The most popular and comprehensive Open Source ECM platform
Machine Learning: Lack of Reproducibility Threatens Credibility
Reproducibility and repeatability form the foundation of scientific research. Science works best when researchers have enough information and understanding of the parameters of research that has been done previously so they can reproduce those results and work to build on established and proven ideas.
Unfortunately, some areas like Machine Learning are moving so fast that these basics are often overlooked. After all, new frameworks and tools for machine learning are being introduced monthly, if not daily.
Peter Warden, Machine Learning researcher, said that “ML frameworks trade off exact numeric determinism for performance, so if by a miracle somebody did manage to copy the steps exactly, there would still be tiny differences in the end results! In many real-world cases, the researcher won’t have made notes or remember exactly what she did, so even she won’t be able to reproduce the model. Even if she can, the frameworks the model code depend on can change over time, sometimes radically, so she’d need to also snapshot the whole system she was using to ensure that things work.”

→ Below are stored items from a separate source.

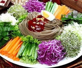 Jangban guksu is a healthy and delicious noodle dish mixed with assortment of vegetables. Buckwheat noodles are mixed in with perilla/sesame leaves, cucumbers, lettuce, cabbage, and carrots in a zesty spicy sauce called chojang. Chojang comprises of watered down gochujang mixed with chopped green onions, rice vinegar, sesame seed and sesame oil. Different variation of this noodle dish exist, including a non-spicy version in which gochujang is substituted with soy sauce along with other ingredients as its base sauce. Additionally, thin strips of Asian pear can be added for additional mixture in taste as well as a boiled egg for garnish RECIPE INGREDIENTS Buckwheat noodles (2-3 bundle wraps) 1-2 eggs 2 tbsp gochujang 1 tbsp rice vinegar 1 tsp sesame oil 1 tsp sesame seed 1 stalk green onion (chopped) 2 red leaf lettuce leaves (chopped) 1 carrot (julienne) ½ Asian pear (julienne) 5 perilla/sesame leaves 1 cucumber 1 tsp sugar Can 7UP or Sprite soda (optional) COOKING DIRECTIONS To make sauce, you can either add water and sugar; or substitute it with the soda (2-3 tbsp). If using soda, do not add sugar. In a bowl, add gochujang, rice vinegar, sesame oil, and water/sugar or soda. Mix all ingredients together until it becomes diluted. Finely chop green onions and add to mix. Refrigerate for later use. For non-spicy sauce, mix: 2 tbsp soy sauce ½ tbsp sugar 1 tbsp water 1 tsp mirin 1 tsp sesame oil Black pepper Chopped green onions Boil enough water and add buckwheat noodles until it becomes soft. Drain and put aside to cool. Recycle or boil more water to make hardboiled egg(s). Boil for 5-6 minutes and peel off the shells. Put aside for later use. Cut Asian pear, carrot, red onion, and perilla/sesame leaves into thin julienne strips. In a large bowl, mix all ingredients together, including sauce. Cut boiled eggs in half and garnish on top of the dish.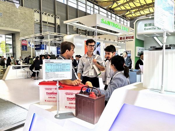在上海新国际博览中心W5馆D2展位,现代、简洁、科技感十足的天能展区人山人海,吸引了来自德、美、俄、英、意、日、韩等国家和地区客户驻足参观。
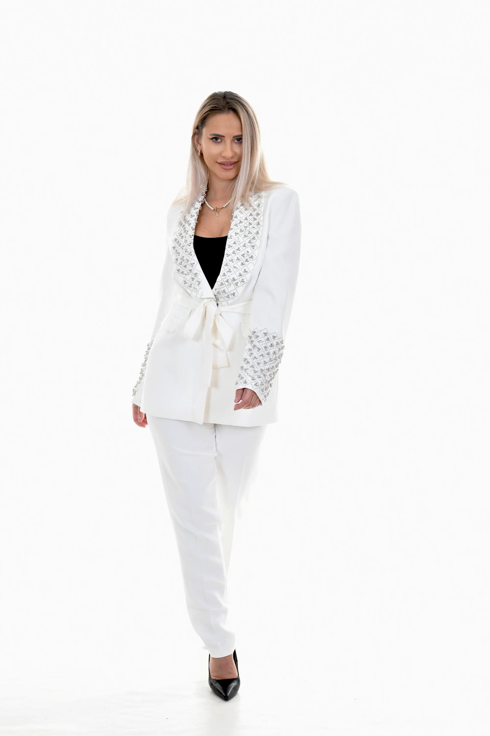 Costumul Daya este o piesă statement cu inspirație couture, creat pentru femeia care își dorește o apariție memorabilă, rafinată și puternică. Realizat într-o nuanță alb elegant, acest costum impresionează prin reverul amplu decorat cu aplicații strălucitoare și prin finisajele impecabile, fiind ideal pentru evenimente speciale și ocazii exclusiviste.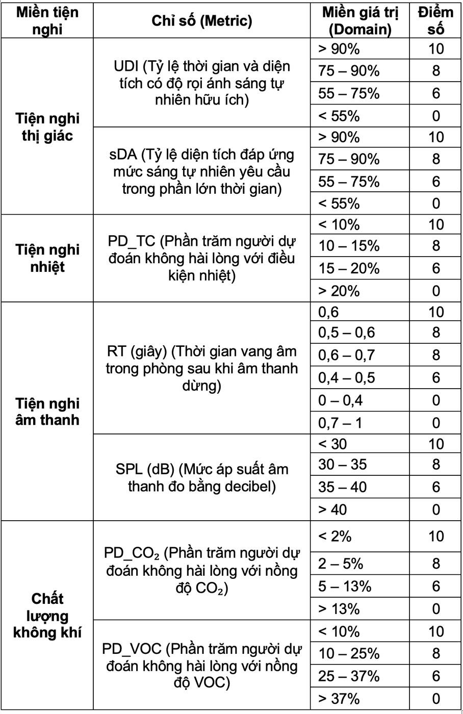 Bảng 1: Các yếu tố tiện nghi và chỉ số đại diện cùng điểm hiệu suất. Nguồn: Fathi & O’Brien (2023), Dịch: Nhóm Tác giả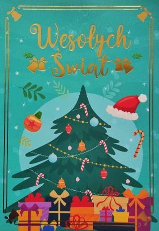 Karnet 1k. Klasyczny karnet na Święta Bożego Narodzenia. Uszlachetniony wysokiej jakości hotstampingiem (złocenie). Karnet zawiera życzenia.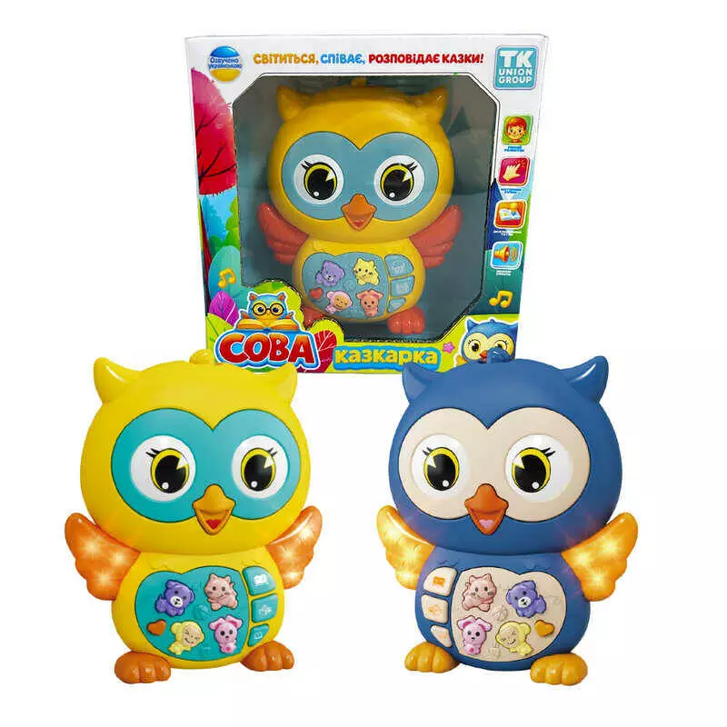 Сова-казкарка 42713 (120) "TK Group", ОЗВУЧУВАННЯ УКРАЇНСЬКОЮ МОВОЮ, 14 казок, 2 пісні, підсвічування крилець, 2 режими гучності, в коробці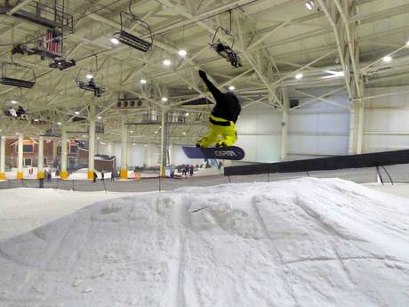 Die Skihalle Big Snow American Dream bietet einen schönen Snowpark unterhalb der Sesselbahn.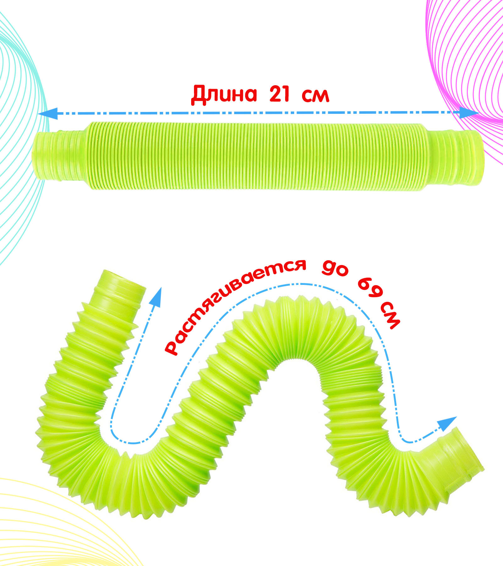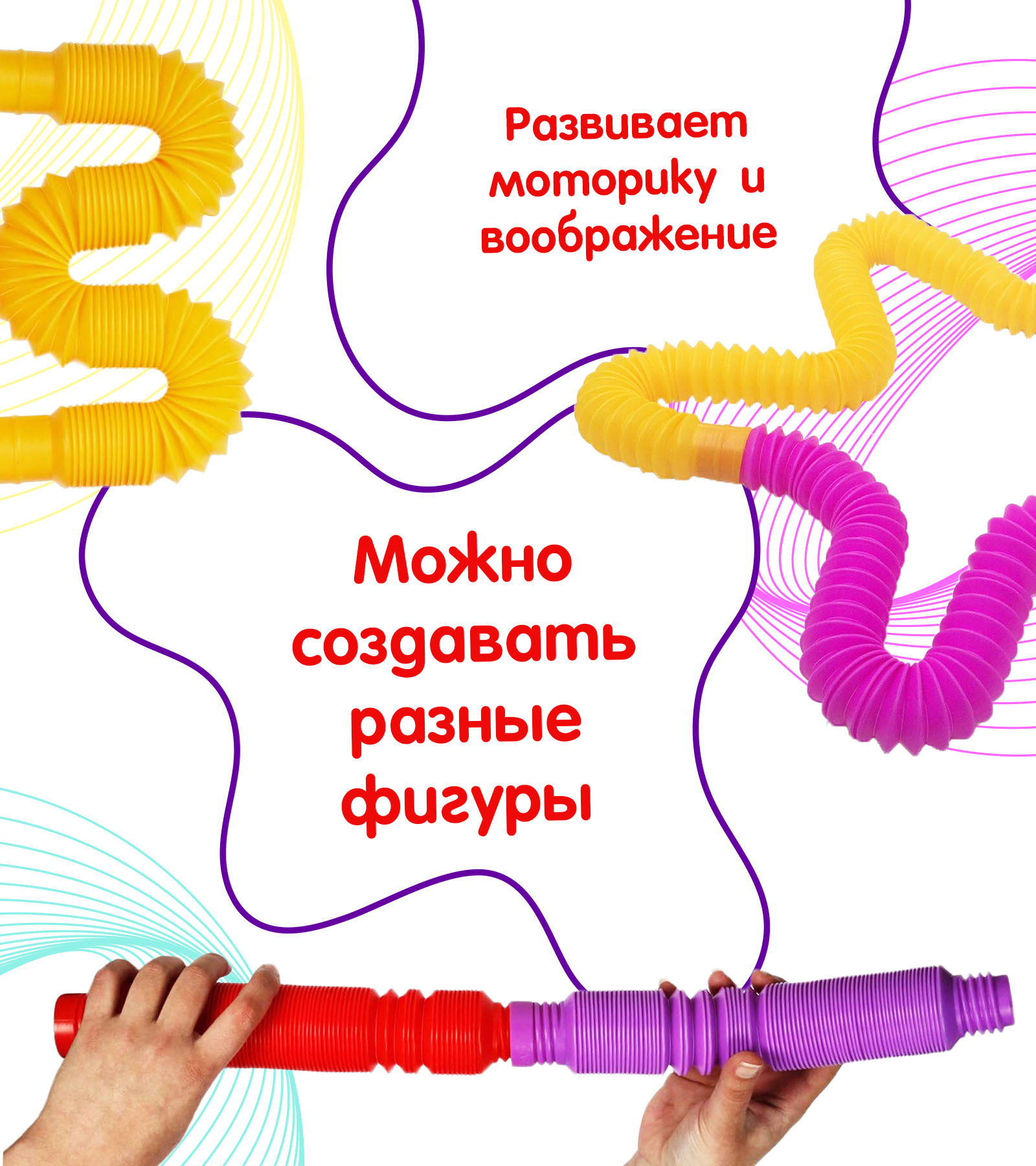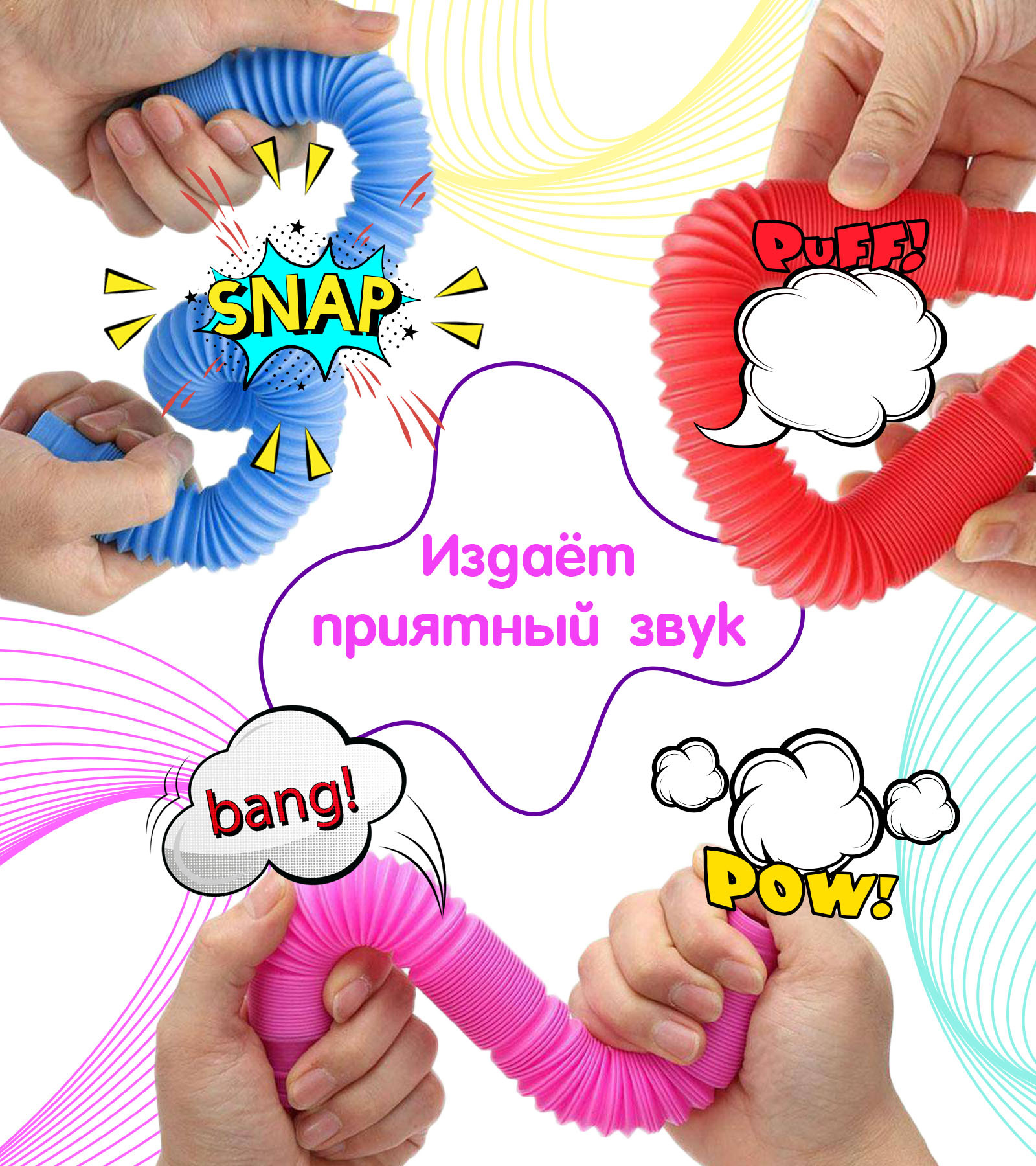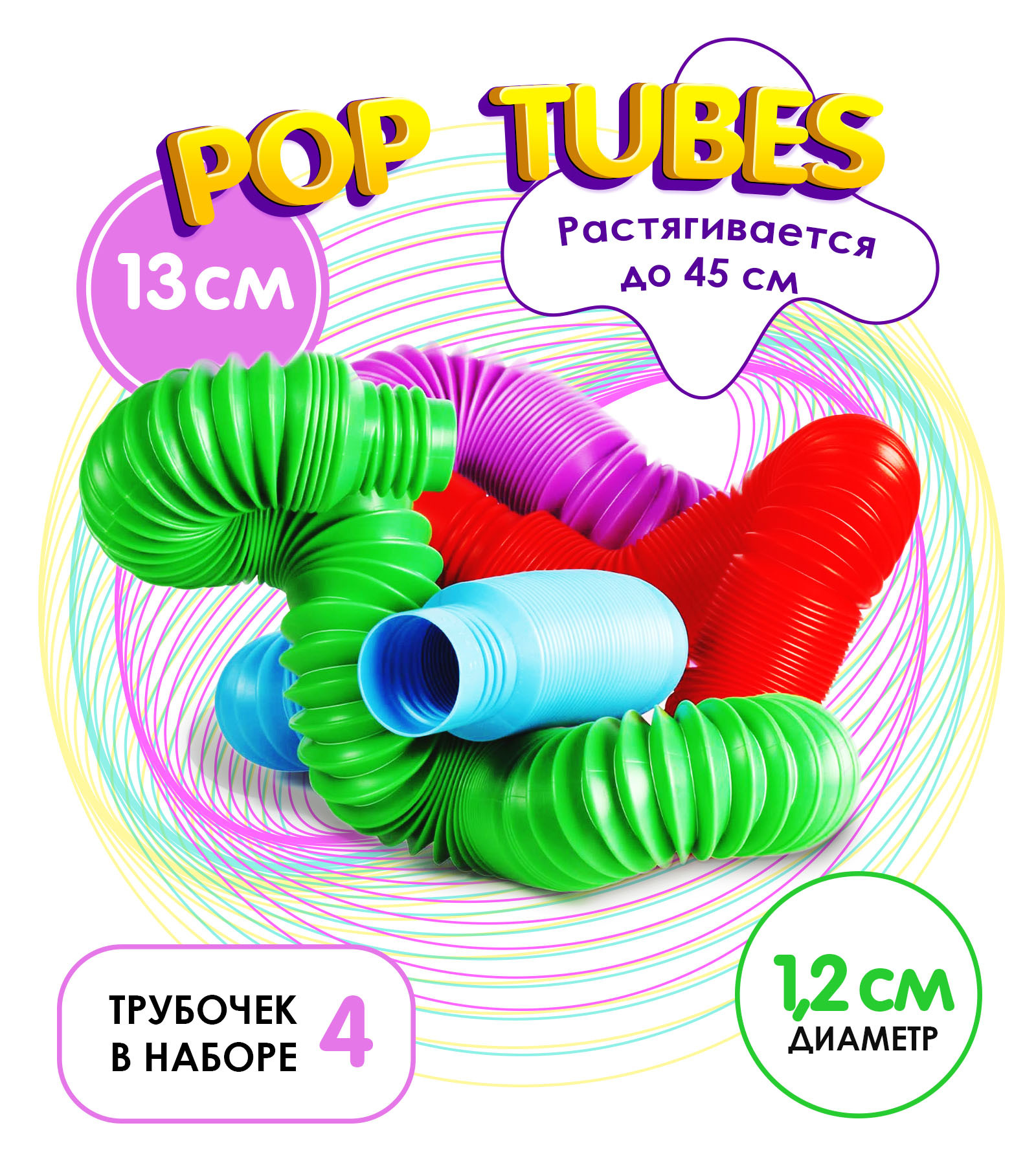 Pop Tubes / Игрушка антистресс/ Развивающая игрушка / Труба гармошка / Гофра / Трубка, 4 шт, цвет случайный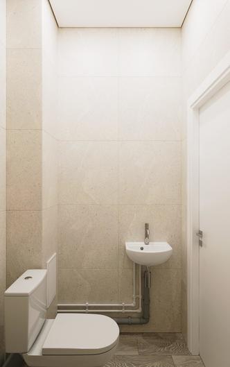 Санузлы отделаны высококачественной бежевой плиткой размером 60×60 см, покрывающей стены целиком. Здесь также предусмотрена современная сантехника европейского качества, включая ванну или душевую кабинку в зависимости от метража пространства.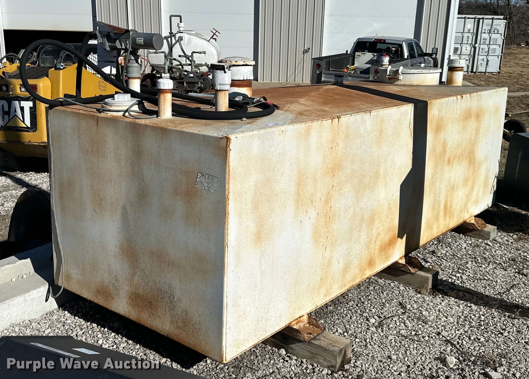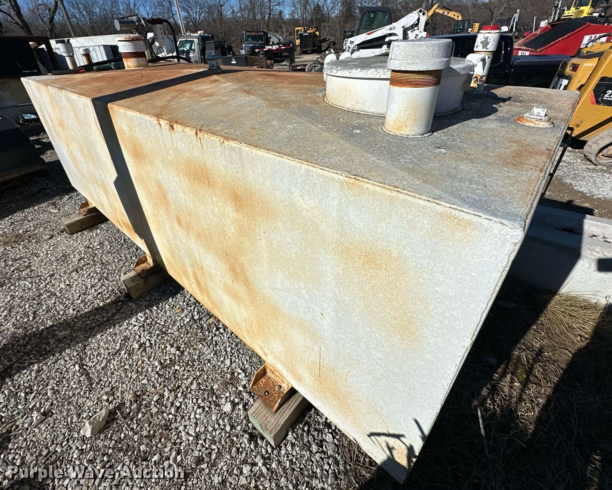 Fuel tank. Capacity: 500 gallons, Dimensions: 13' L x 50" W x 60" H. Pursuant to Missouri law, Purple Wave will not be collecting sales taxes on any of the purchases made in this business liquidation auction. J&N Utilities, Inc. Retirement Auction - Open Inspection March 21 and 26. 1455 Southeast County Road AA. Blue Springs, MO 64014

Denny Britz, Deep Learning Researcher, wrote that “in practice, as everyone re-implements techniques using different frameworks and pipelines, comparisons become meaningless. In almost every Deep Learning model implementation there exist a huge number ‘hidden variables’ that can affect results.”
Researchers need to take advice from David Donoho, Stanford Professor, who wrote “computational reproducibility is not an afterthought — it is something that must be designed into a project from the beginning.”